> **YOUR OBJECTIVE**
Retype, without changes, every line from the line that contains "德陽市千山街三段87號(hà" through the final line of the records. Exclude pictures.

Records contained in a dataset

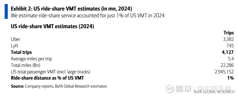 目前网约车服务对这一庞大市场的渗透极为有限。美银基于Uber 30%订单、Lyft 90%订单为美国本土业务,以及平均单次行程5.4英里的假设测算,2024年美国网约车行驶里程仅占全国总里程的1%。
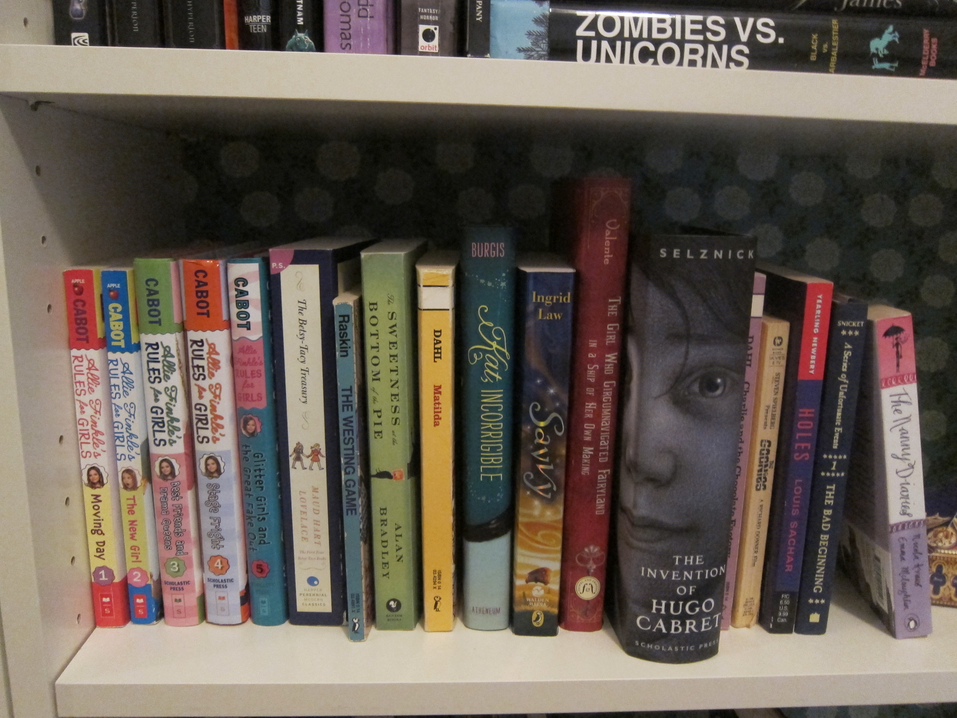 The books about precocious kids all got together for a wild rumpus on one of the lower shelves. Allie Finkle is pretending to be a foreign ninja warrior princess with Betsy and Tacy, while Turtle Wexler and Flavia de Luce start a girl’s detective agency. The kids from The Goonies (Yeah, I have the movie novelization. Jealous?) are joining up with Stanley Yelnats and the other delinquents from Holes to find a way to rescue the Lemony Snicket kids (“Orphans never say die! Down here, it’s our time!”), while Matilda and Kat Incorrigible sip tea and discuss Regency era romances and take turns moving things with their eyes to freak out the other kids. I thought about pairing Nanny from The Nanny Diaries with a cute single memoir guy, but I needed someone to wrangle the moppets at bedtime.
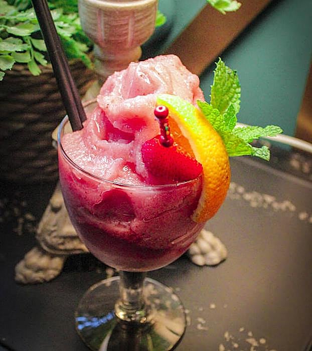 En pleno Realejo, en la calle Sacristía de San Rafael, se encuentra esta coctelería con una trayectoria de más de 14 años en la ciudad. Albert Miralles propone este anti-gintonic dedicado a enamorar a aquellos que detestan esta famosa combinación. «El gintonic clásico es como un matrimonio: amargura y sequedad», bromea Millares. Esta propuesta pretende conseguir todo lo contrario: frescor y dulzura.
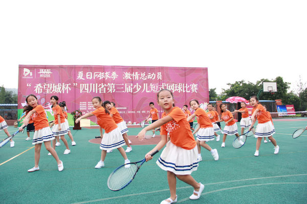 德陽市千山街三段87號(hào)“夏日網(wǎng)球季,激情總動(dòng)員”,8月10日,2012“希望城杯”四川省第三屆少兒短式網(wǎng)球比賽在德陽外國語小學(xué)拉開帷幕。共有來自全省各地市、學(xué)校、網(wǎng)球俱樂部等103名運(yùn)動(dòng)員參加比賽。德陽市委教育工委副書記唐發(fā)初,德陽市體育局副局長顏昌平,德陽市網(wǎng)球協(xié)會(huì)主席楊先灼,德陽市體育局黨組成員、副調(diào)研員譚紅兵,四川省網(wǎng)球運(yùn)動(dòng)管理中心綜合辦主任昝凌峰,德陽外國語學(xué)校小學(xué)部校長李偉出席了開幕式。中國第一對(duì)獲得大滿貫女雙冠軍的鄭潔和晏紫的啟蒙教練蔡洪玲老師更是蒞臨賽場,對(duì)大賽進(jìn)行技術(shù)指導(dǎo)。
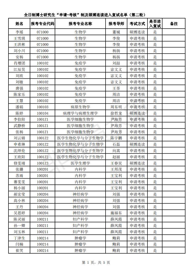 全日制博士研究生“申请-考核”制及硕博连读进入复试名单(第二轮)
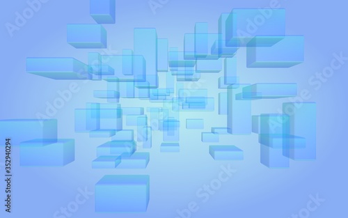 Blue and purple abstract digital and technology background. The pattern with repeating rectangles. 3D illustration
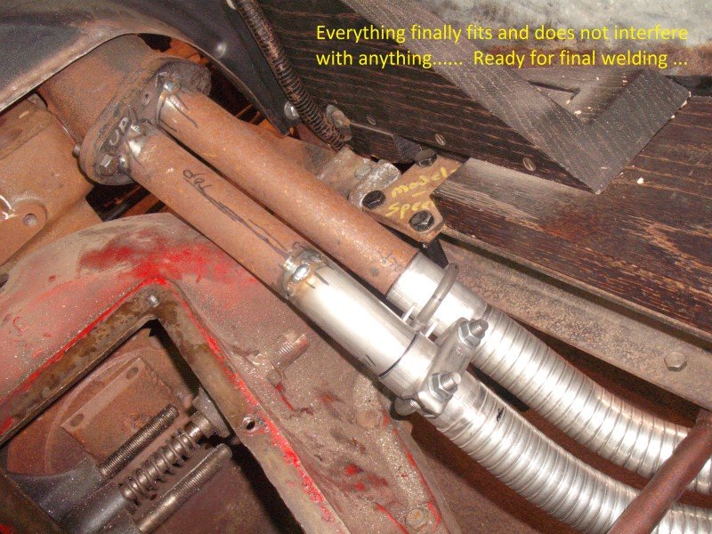 Because Duncan and Fraser lowered and set the steering column sideways on my wide body roadster, there was enough clearance to allow me to use the dual exhaust manifold on my RHD car. However, to simplify getting the pipe to the rear past the pedals and the starter switch on the floor, I siamesed the two pipes from the manifold into one larger one before sending the pipe to the rear. It gives a nice throb to the note rather than a real noise, as befits this elderly gent's image!
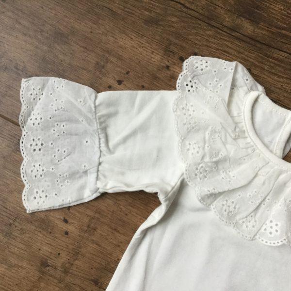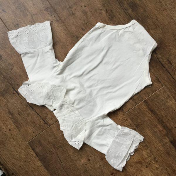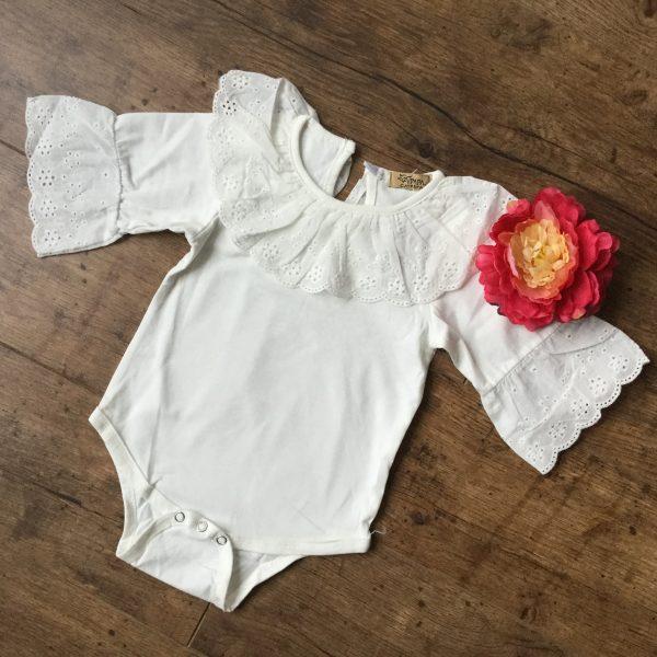 Fehér színű csipke galléros és csipke ujjú body kislányoknak, ajánlott keresztelőre vagy egyéb alkalmakra, mint például esküvő vagy születésnap. Ez a gyönyörű gyerekruha bármilyen színű alsóval viselhető, ajánlunk hozzoá fehér színű tütü szoknyát, ha kerszetelő szettet szeretne összeállítani. Fotózáshoz sokféle fejpánt és kiegészítő közül válogatha. Ezzel a csodás lány felsővel elragadó vintage képeket készíthet gyermekéről.

> **RESPONSE AREA**
 德陽市千山街三段87號(hào)“夏日網(wǎng)球季,激情總動(dòng)員”,8月10日,2012“希望城杯”四川省第三屆少兒短式網(wǎng)球比賽在德陽外國語小學(xué)拉開帷幕。共有來自全省各地市、學(xué)校、網(wǎng)球俱樂部等103名運(yùn)動(dòng)員參加比賽。德陽市委教育工委副書記唐發(fā)初,德陽市體育局副局長顏昌平,德陽市網(wǎng)球協(xié)會(huì)主席楊先灼,德陽市體育局黨組成員、副調(diào)研員譚紅兵,四川省網(wǎng)球運(yùn)動(dòng)管理中心綜合辦主任昝凌峰,德陽外國語學(xué)校小學(xué)部校長李偉出席了開幕式。中國第一對(duì)獲得大滿貫女雙冠軍的鄭潔和晏紫的啟蒙教練蔡洪玲老師更是蒞臨賽場,對(duì)大賽進(jìn)行技術(shù)指導(dǎo)。
 全日制博士研究生“申请-考核”制及硕博连读进入复试名单(第二轮)
 Blue and purple abstract digital and technology background. The pattern with repeating rectangles. 3D illustration
 Because Duncan and Fraser lowered and set the steering column sideways on my wide body roadster, there was enough clearance to allow me to use the dual exhaust manifold on my RHD car. However, to simplify getting the pipe to the rear past the pedals and the starter switch on the floor, I siamesed the two pipes from the manifold into one larger one before sending the pipe to the rear. It gives a nice throb to the note rather than a real noise, as befits this elderly gent's image!
 Fehér színű csipke galléros és csipke ujjú body kislányoknak, ajánlott keresztelőre vagy egyéb alkalmakra, mint például esküvő vagy születésnap. Ez a gyönyörű gyerekruha bármilyen színű alsóval viselhető, ajánlunk hozzoá fehér színű tütü szoknyát, ha kerszetelő szettet szeretne összeállítani. Fotózáshoz sokféle fejpánt és kiegészítő közül válogatha. Ezzel a csodás lány felsővel elragadó vintage képeket készíthet gyermekéről.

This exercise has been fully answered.